The Melting Popsicle
If you're a good visualizer, imagine your hurts as an ice-cream cone or popsicle melting in the sunlight. As the hurts melt away, breath in the warmth of the sun and the clean fresh air. With each exhale say, "I let this go." If your anger persists, you may need to use the Anger Inventory LoveTool to recognize some self defeating communication patterns, begin to take more responsibility for your own behavior, and recognize some positive alternatives to arguing.

Anger Inventory

  1. You and your partner take two sheets of paper apiece and tape them together (length-wise). Divide your sheets into nine columns. Title the first column, "things that make me angry." Work separately on each of your lists. Be specific. Don't make a global statement like, "when the house is a mess." Instead say, "I'm angry when you forget to wipe your feet when you walk in the door."

  2. Then, in a second column, list the "expectation" that has been violated. To use the above example you might say, "I expect that I don't have to tell you to wipe your feet and that since you've been asked you'll comply."

  3. In a third column write the "hurt and other feelings" that emerge out of having unmet expectations. For example, "When I ask you to do something repeatedly and you don't I feel hurt, frustrated, and unimportant."

  4. In the fourth column, write how you usually deal with your hurt or disappointment. Again, be specific about what you might say or do.

  5. In the fifth column "enable empathy." This is difficult. Put yourself in your partner's position and imagine how he or she feels when he hears your comments or experiences your behavior.

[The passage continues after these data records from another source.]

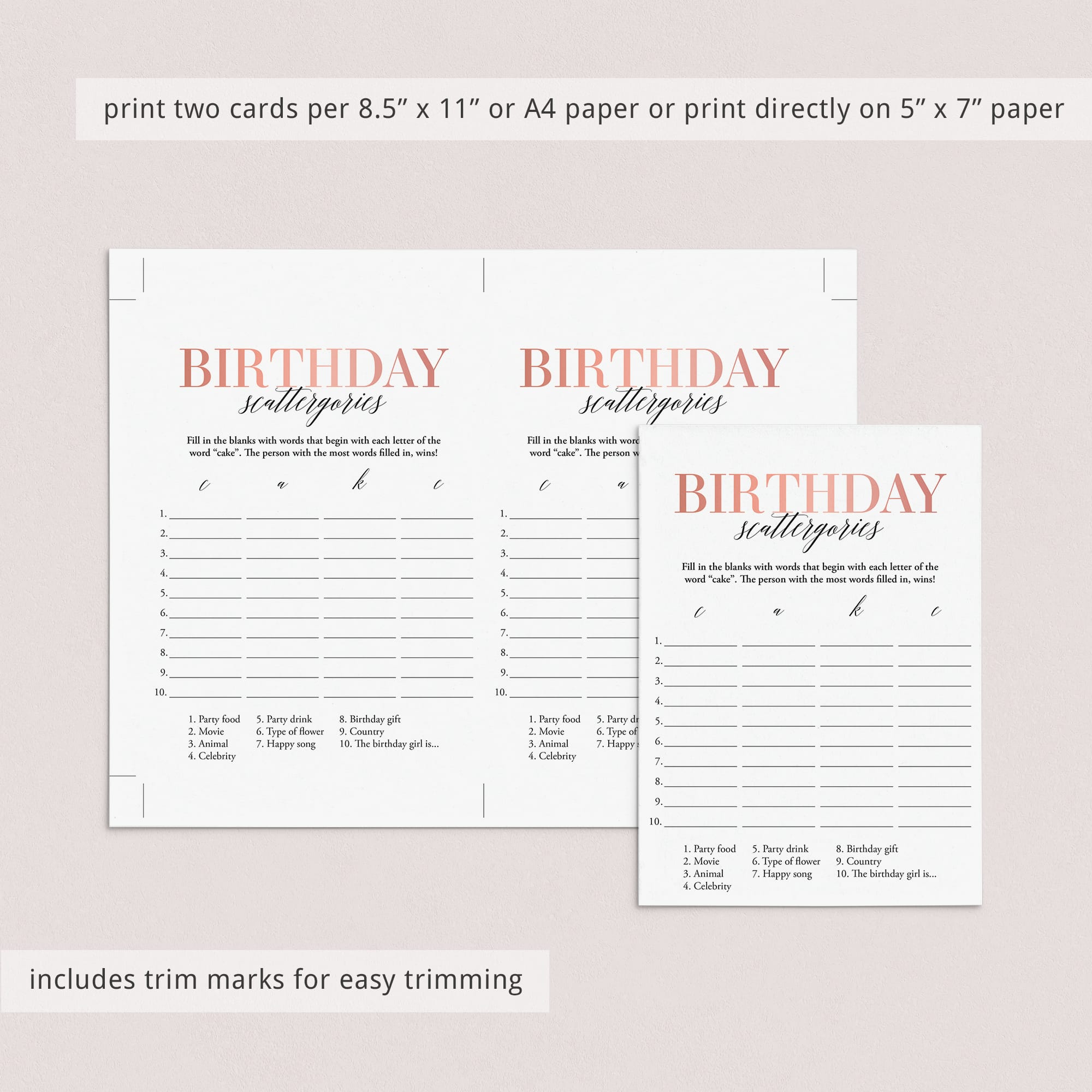 How to play the Birthday Scattergories game? Simply hand out a game sheet and a pen to your guests. They will have to come up with as many words related to the categories at the bottom of the sheet. The difficulty is that the words must begin with the letters in the word "CAKE". The person that gets the most answers filled in within the set time, wins!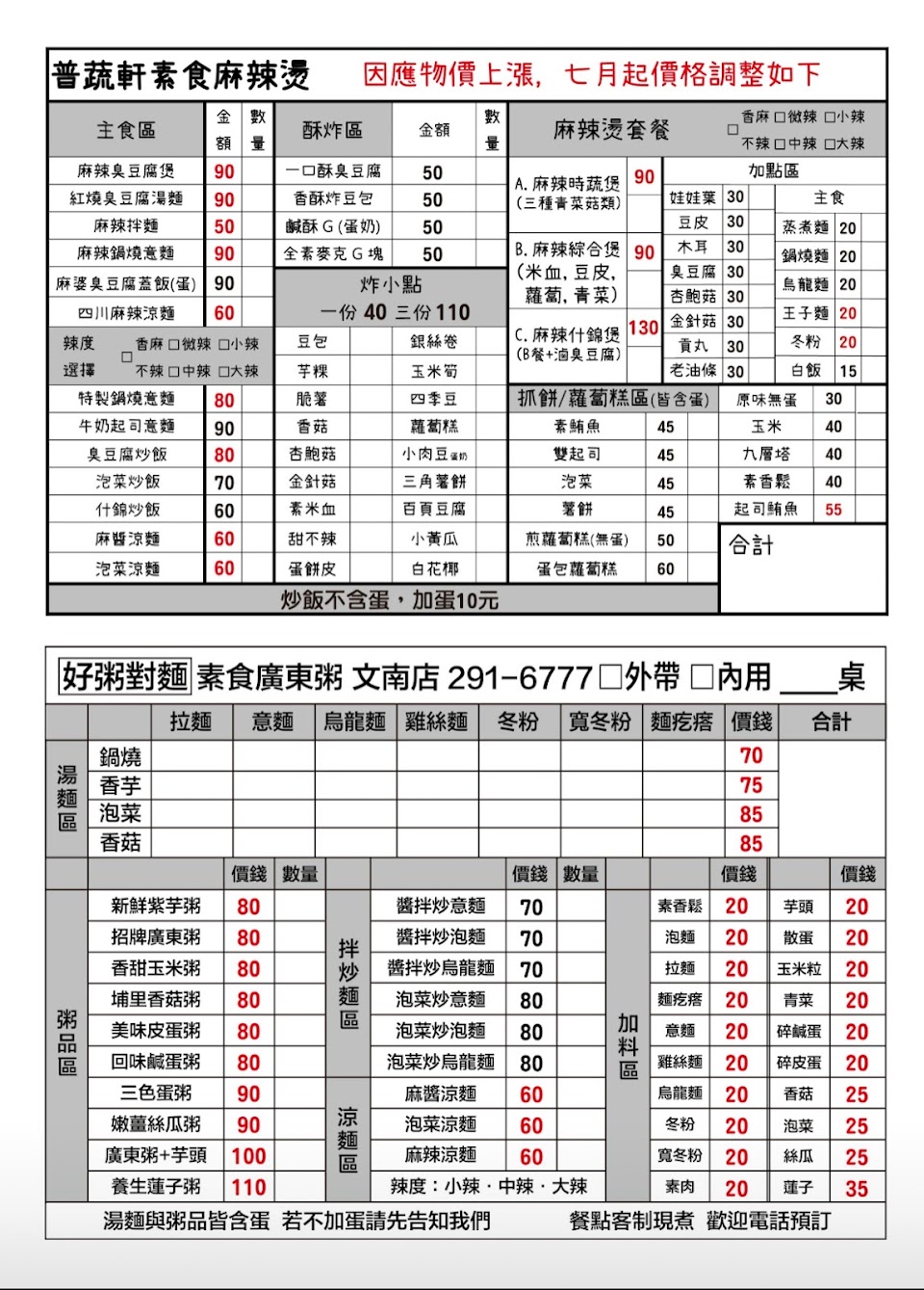2024最新在地推薦餐廳的菜單_好粥對麵&普蔬軒 文南店的菜單、圖片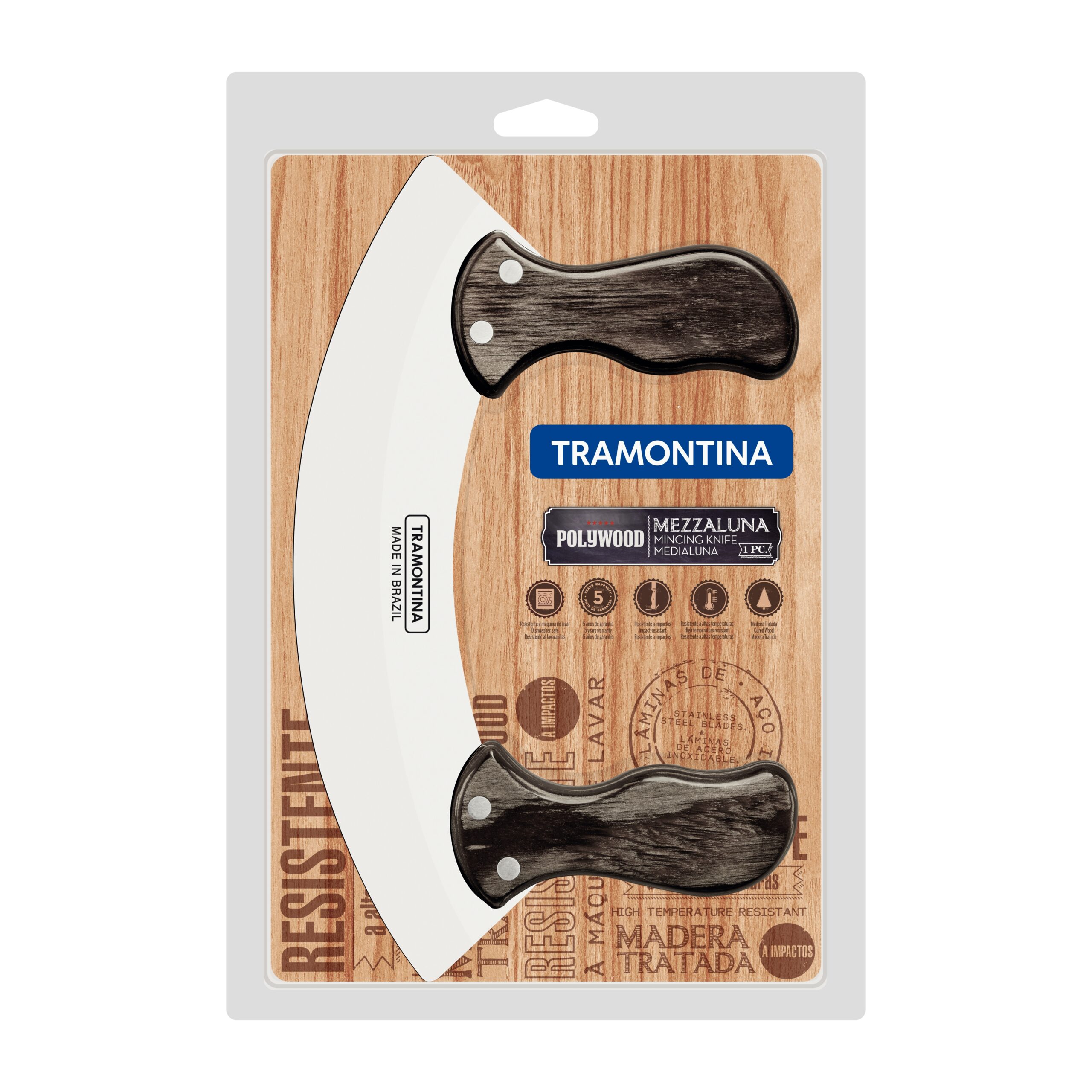 With the Tramontina Polywood mezzaluna with stainless steel blade and brown treated wood handle, you can quickly and precisely cut your seasonings. Its curved blade allows you to easily cut herbs and seasonings, such as parsley, rosemary and chives. Made with a stainless steel blade, it is highly resistant and has an excellent quality edge. It has two treated Polywood handles that make handling more comfortable and safe, in addition to being highly durable. The handle is resistant to impacts and high temperatures.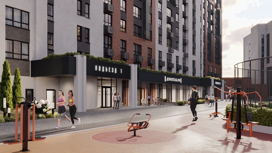 Жилье в «ДомОтель.РФ» — это квартира бизнес-класса, которую может себе позволить каждый. Выйдя из квартиры, и всего лишь спустившись на лифте в лобби можно сразу попасть в магазин, свой спортзал, аптеку, салон красоты, детскую игровую, и мягкую зону лобби и все это не одеваясь — в тапочках.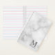 features personalised monogram and name in grey classic serif font style on white marble background.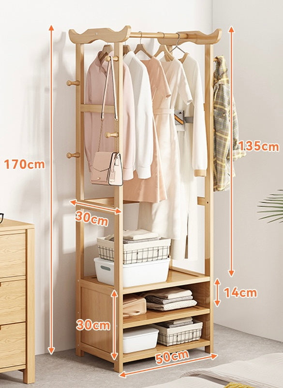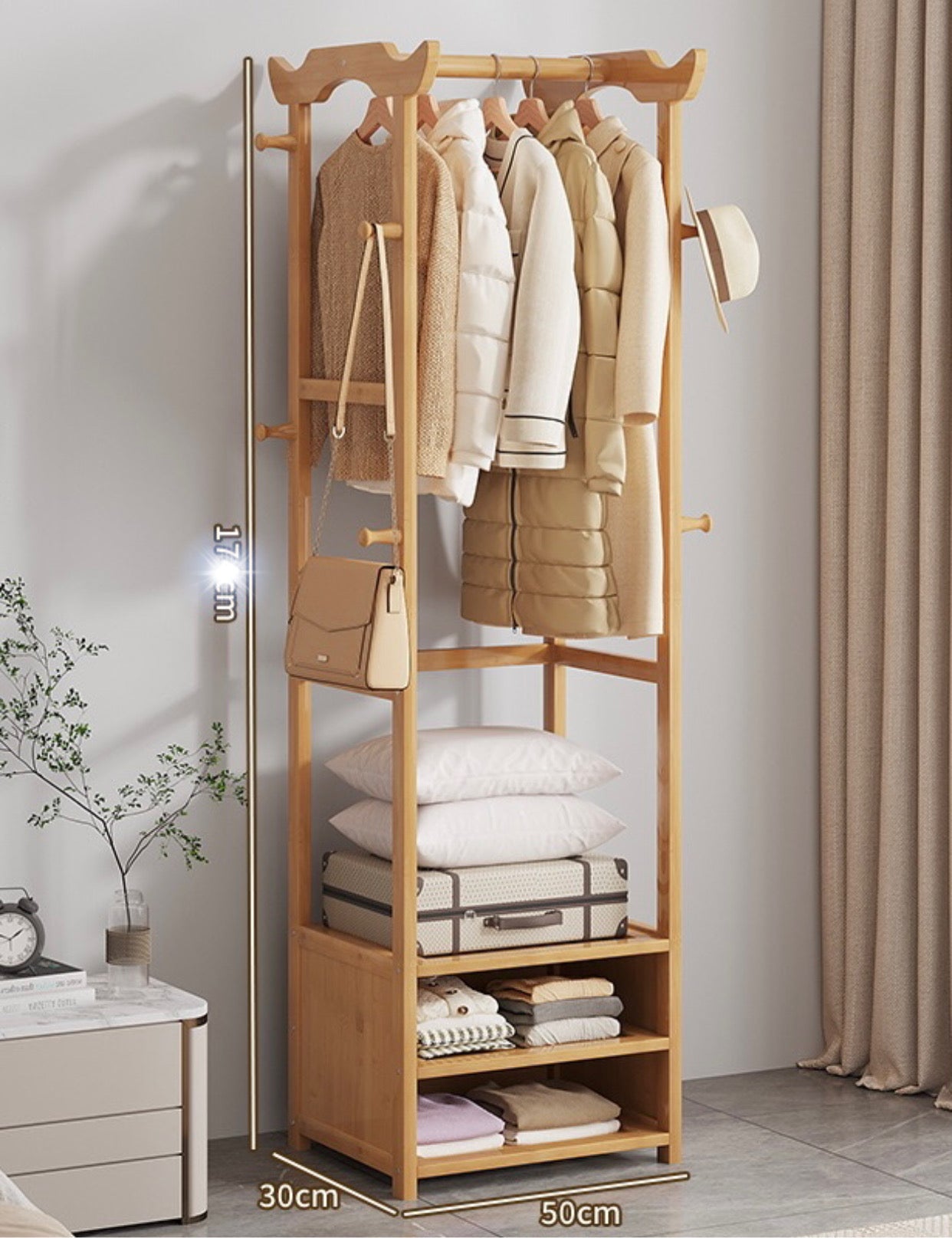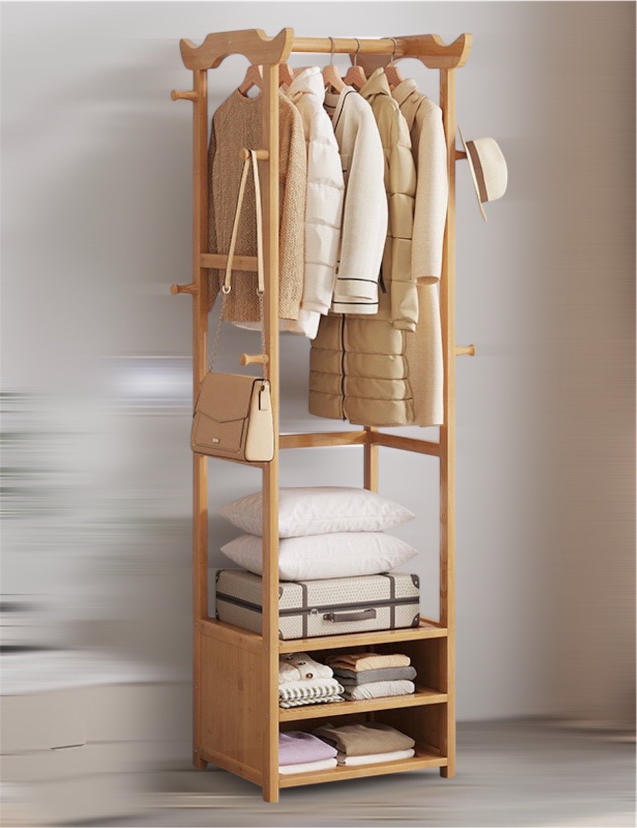Raft rrobash bamboo me një dizanj super të bukur për shtëpinë tuaj. E pajisur me varëse dhe sirtarë të hapur, zonën e veshjeve për të varur këmisha, fustane, pantallona, pallto...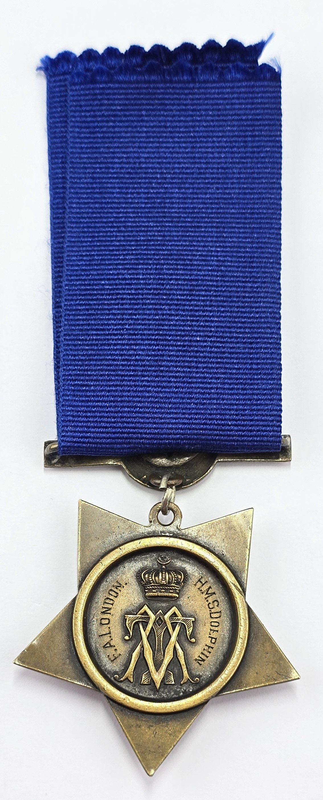 Large size medal with ribbon and F.A.LONDON H.M.S.DOLPHIN to back in good condition.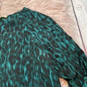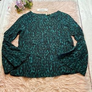 New with tags L'Agence Silk Watercolor Teal Dylan Bell Sleeve Blouse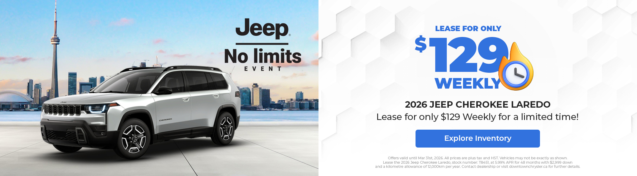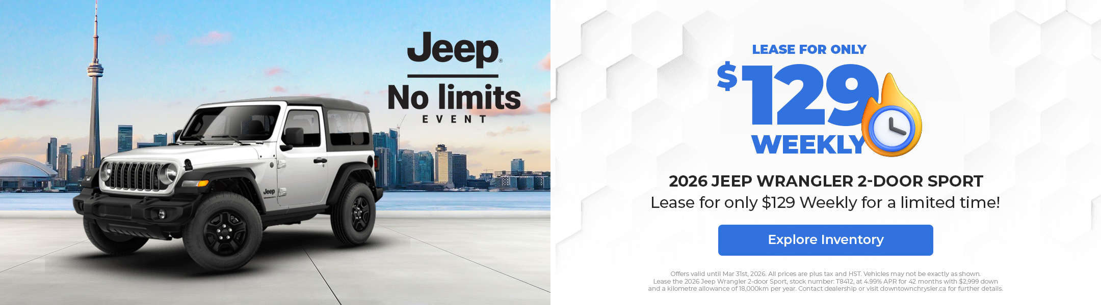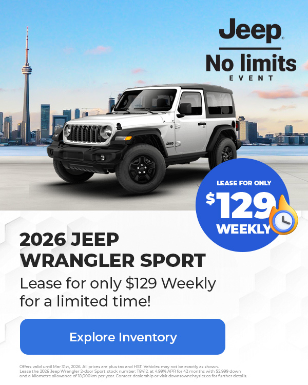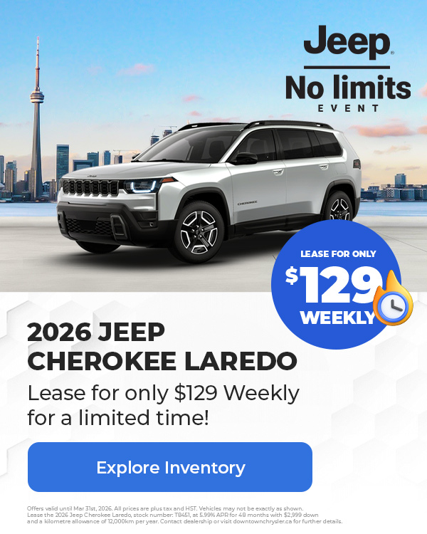 Disclaimer : Finance and Lease offers on approved credit. Regional offers, lease and finance conditions apply. See your local Jeep dealer for more information. Use of any calculation and/or tools on https://www.downtownchrysler.ca does not constitute an offer of direct financing or any particular lease, finance, purchase option or transaction. Calculation and tools are intended for illustrative purposes only. Rates and requirements may vary depending on credit worthiness. Every effort is made to ensure the accuracy of the content on the pages on https://www.downtownchrysler.ca. In the event of a discrepancy, error or omission, vehicle prices, offers and features as established by Chrysler Canada and participating Jeep dealers in Canada, will prevail.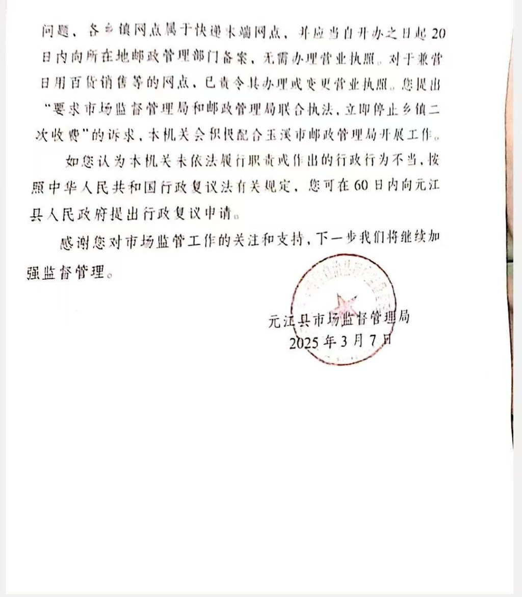 今年2月中旬,一位网名为“思想家”的男子在社交平台上公开举报称,云南省玉溪市元江县多个乡镇快递站点存在“二次收费”现象,用户在取件时,每件快递均被强制加收3元费用。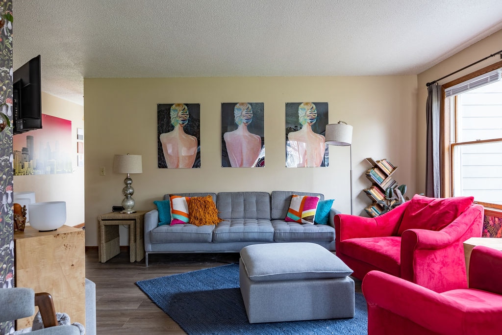 Spacious 4BR/2BA home in a quiet Coon Rapids neighborhood—ideal for families, groups, or business stays. Features a fully equipped kitchen, cozy living room with TV, and comfortable bedrooms with a king, queen, and bunk beds (twin & full). Enjoy a large backyard with deck, fire pit, BBQ grill. Washer/dryer included. Parking for 4 cars plus 2-car garage. Close to Northtown Mall, parks, National Sports Center, hospitals, and easy access to Minneapolis & St.Paul. Pet-friendly. Easy self check-in.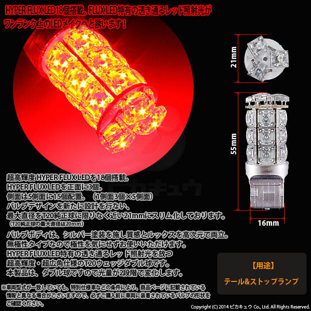 ピカキュウ,LED専門店ピカキュウ,LEDバルブ,SMD,LED,T20,HYPER FLUX LED 18連ウェッジダブル球,LEDカラーレッド,テール&ストップランプ,ブレーキランプ,ストップランプ,SUZUKI,スズキ,JIMNY,ジムニー, WILD WIND,ワイルドウインド,suzuki,jimny,wild,wind,JB23W 6型対応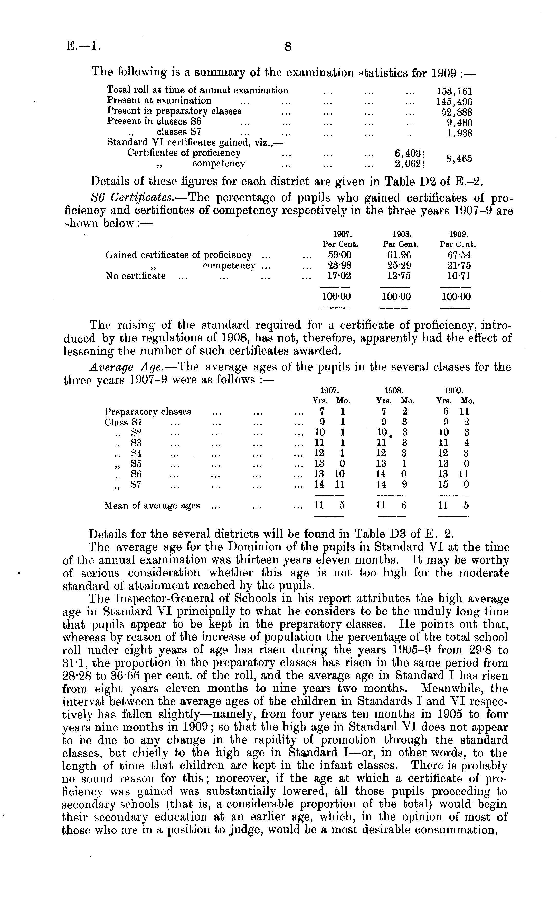 The following is a summary of the examination statistics for 1909 : — Total roll at time of annual examination ... ... ... 153,161 Present at examination ... ... ... ... ... 145,496 Present in preparatory classes ... ... ... ... 52,888 Present in classes S6 ... ... ... ... ... 9,480 classes S7 ... ... ... ... 1.938 Standard VI certificates gained, viz.,— Certificates of proficiency ... ... ... 6,4031 „ .„. competency ... ... ... 2,062) ' ° Details of these figures for each district are given in Table D 2 of E.-2. S6 Certificates. —The percentage of pupils who gained certificates of proficiency and certificates of competency respectively in the three years 1907-9 are shown below:— 1907. 1908. 1909. Per Cent. Per Cent. Per C.nt. Gained certificates of proficiency ... ... 59-00 61.96 67-54 competency ... ... 23-98 25-29 21-75 No certificate ... ... ' ... ... 17-02 12-75 1071 10000 10000 10000 The raising of the standard required for a certificate of proficiency, introduced by the regulations of 1908, has not, therefore, apparently had the effect of lessening the number of such certificates awarded. Average Age. —The average ages of the pupils in the several classes for the three years 1907-9 were as follows :-— 1907. 1908. 1909. Yrs. Mo. Yrs. Mo. Yrs. Mo. Preparatory classes ... ... ... 7 1 7 2 611 Class SI ... ... ... ... 9 1 9 3 9 2 „ S2 ... ... ... ... 10 1 10. 3 10 3 „ S3 ... ... ... ... 11 1 11 3 11 4 ~ S4 ... ... ... ... 12 1 12 3 12 3 „ S5 13 0 13 1 13 0 „ S6 ... ... ... ... 13 10 14 0 13 11 „ S7 14 11 14 9 15 0 Mean of average ages ... ... ... 11 5 11 6 11 5 Details for the several districts will be found in Table D 3 of E.-2. The average age for the Dominion of the pupils in Standard VI at the time of the annual examination was thirteen years eleven months. It may be worthy of serious consideration whether this age is not too high for the moderate standard of attainment reached by the pupils. The Inspector-General of Schools in his report attributes the high average age in Standard VI principally to what he considers to be the unduly long time that pupils appear to be kept in the preparatory classes. He points out that, whereas by reason of the increase of population the percentage of the total school roll under eight years of age has risen during the years 1905-9 from 29 - 8 to 31*1, the proportion in the preparatory classes has risen in the same period from 2828 to 36 - 66 per cent, of the roll, and the average age in Standard I has risen from eight years eleven months to nine years two months. Meanwhile, the interval between the average ages of the children in Standards I and VI respectively has fallen slightly—namely, from four years ten months in 1905 to four years nine months in 1909; so that the high age in Standard VI does not appear to be due to any change in the rapidity of promotion through the standard classes, but chiefly to the high age in Standard I-—or, in other words, to the length of time that children are kept in the infant classes. There is probably no sound reason for this; moreover, if the age at which a certificate of proficiency was gained was substantially lowered, all those pupils proceeding to secondary schools (that is, a considerable proportion of the total) would begin their secondary education at an earlier age, which, in the opinion of most of those who are in a position to judge, would be a most desirable consummation,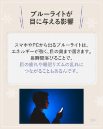 長時間浴びることで、目の疲れや睡眠リズムの乱れにつながることもあるんです。

  6. In the fifth column ask yourself, "What am I trying to accomplish with my behavior?" Am I trying to vent my feelings, hurt or punish my partner, or gain understanding?

  7. Next ask yourself, "What am I actually accomplishing with this behavior?"

  8. In this column, consider some "NEW options." List alternative behaviors and ways of dealing with your frustrations.

After each of you has completed this exercise privately, take turns sharing what you have written. As always, use the Stop, Look and Listen LoveTool.

Some Hints to Deal with Anger Productively:

  1. Blaming never solved anything. Would you rather be right or happy?

  2. Try to hear your partner's point of view. Don't nod, pretend you're listening, and wait for a lull in the conversation to make your convincing argument.

  3. Don't use words like" You always" or "you never." In a multiple choice exam, every good student knows that a question with "always" in it is usually false.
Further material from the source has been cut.